Figure 1. Scenario 01 uncertainty-focused forest plot for exacerbation-defined endpoints. Posterior median subject-specific odds ratios and 95% credible intervals are shown for the prespecified Top-8 visualization set for any exacerbation (GOLD 2026), high-risk exacerbation history (GOLD 2025), and ≥1 severe exacerbation requiring hospitalization. Ranking was only used for graphical readability and did not affect model fitting, predictor inclusion, variable selection, or inference. Points denote posterior medians, horizontal lines with 95% credible intervals, and arrow intervals extending beyond the padded log-scale axis. The right-hand table reports OR [95% CrI], predictor support n/N (%), uncertainty-support class, and posterior directional probability (Pdir). Class definitions are provided in Section 2 and Supplementary Section S4. Estimates represent within-window conditional associations, not causal effects, medication effects, or prospective predictions. Sparse signals, particularly environmental allergy (5/106; 4.7%), are exploratory regardless of rank. The vertical dotted reference line denotes OR = 1 (no conditional association).

Figure 2. Scenario 01 uncertainty-focused forest plot for reliever-dispensing endpoints. Posterior median subject-specific odds ratios and 95% credible intervals are shown for the prespecified Top-8 visualization set for SABA dispensing, SAMA dispensing, and any rescue bronchodilator dispensing. Ranking was only used for graphical readability and did not affect model fitting, predictor inclusion, variable selection, or inference. Points denote posterior medians, horizontal lines with 95% credible intervals, and arrow intervals extending beyond the padded log-scale axis. The right-hand table reports OR [95% CrI], predictor support n/N (%), uncertainty-support class, and posterior directional probability (Pdir). Reliever-dispensing endpoints are mixed clinical–operational indicators reflecting symptoms, access, refill/adherence behavior, prescribing thresholds, healthcare contact, and recording structure. They should not be interpreted as biological endpoints, medication-effect estimates, causal effects, or prospective predictions. Sparse signals, particularly environmental allergy (5/106; 4.7%), are exploratory regardless of rank. The vertical dotted reference line denotes OR = 1 (no conditional association).

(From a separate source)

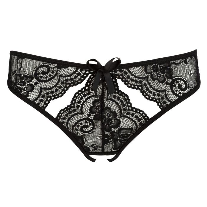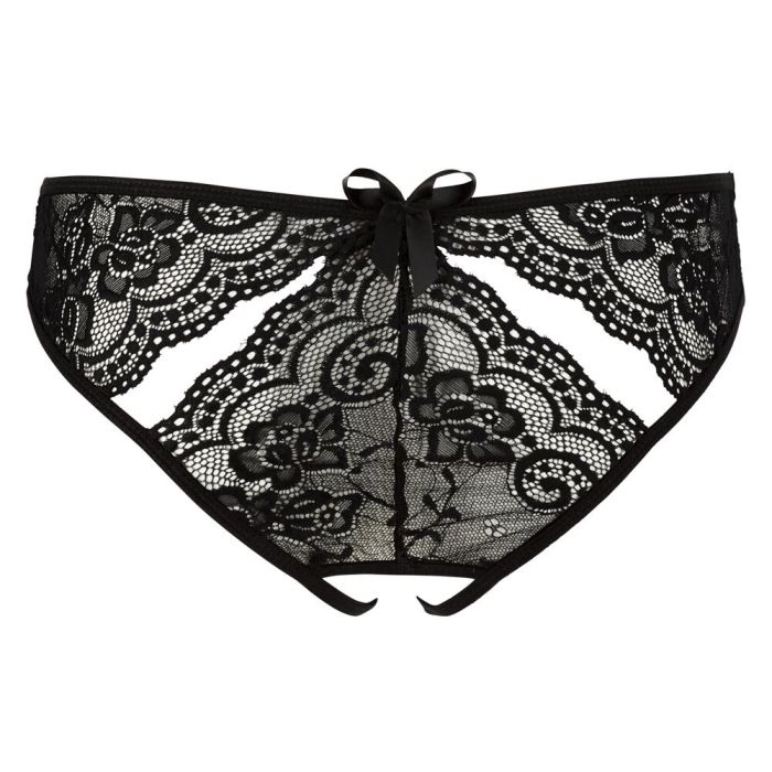Voor een kinky nachtje ga jij voor deze geweldige slip met open kruis van mandy mystery. De slip is volledig open zodat jij snel toegankelijk bent van voren en van achteren. Het schitterende kant voelt zacht aan op de huid en heeft sierlijke vormen voor een romantische look. De strikjes aan de voorkant en aan de achterkant geven een liefelijke uitstraling.

Figure 3. Scenario-stratified coherence heatmaps of key comorbidities across instability endpoints. Color encodes directional coherence across endpoints and scenarios, with positive values indicating posterior direction toward OR > 1 and negative values indicating posterior direction toward OR < 1. The heatmaps are used as coherence summaries, not as inferential tests. Gray cells, where present, denote unavailable predictor–endpoint combinations.

Figure 4. Conceptual framework of latent COPD instability and operational endpoints in primary-care EHRs. COPD instability is represented as a continuous, partially unobserved liability influenced by systemic multimorbidity, care-pathway structure, and residual patient-level heterogeneity. Severity-graded exacerbation definitions—GOLD 2026 “any exacerbation”, GOLD 2025 high-risk history, and hospitalization—represent alternative operating points along this continuum, reflecting conceptual shifts in sensitivity and specificity rather than formally estimated diagnostic-test performance. Reliever-dispensing endpoints are represented within a care-pathway and recording layer, because they may reflect symptoms, access, prescribing thresholds, adherence/refill behavior, healthcare contact, and documentation processes. All variables are conceptualized within the same 12-month retrospective window; arrows indicate conceptual, not causal, relationships.

Table 1. Baseline clinical and treatment characteristics of the COPD cohort.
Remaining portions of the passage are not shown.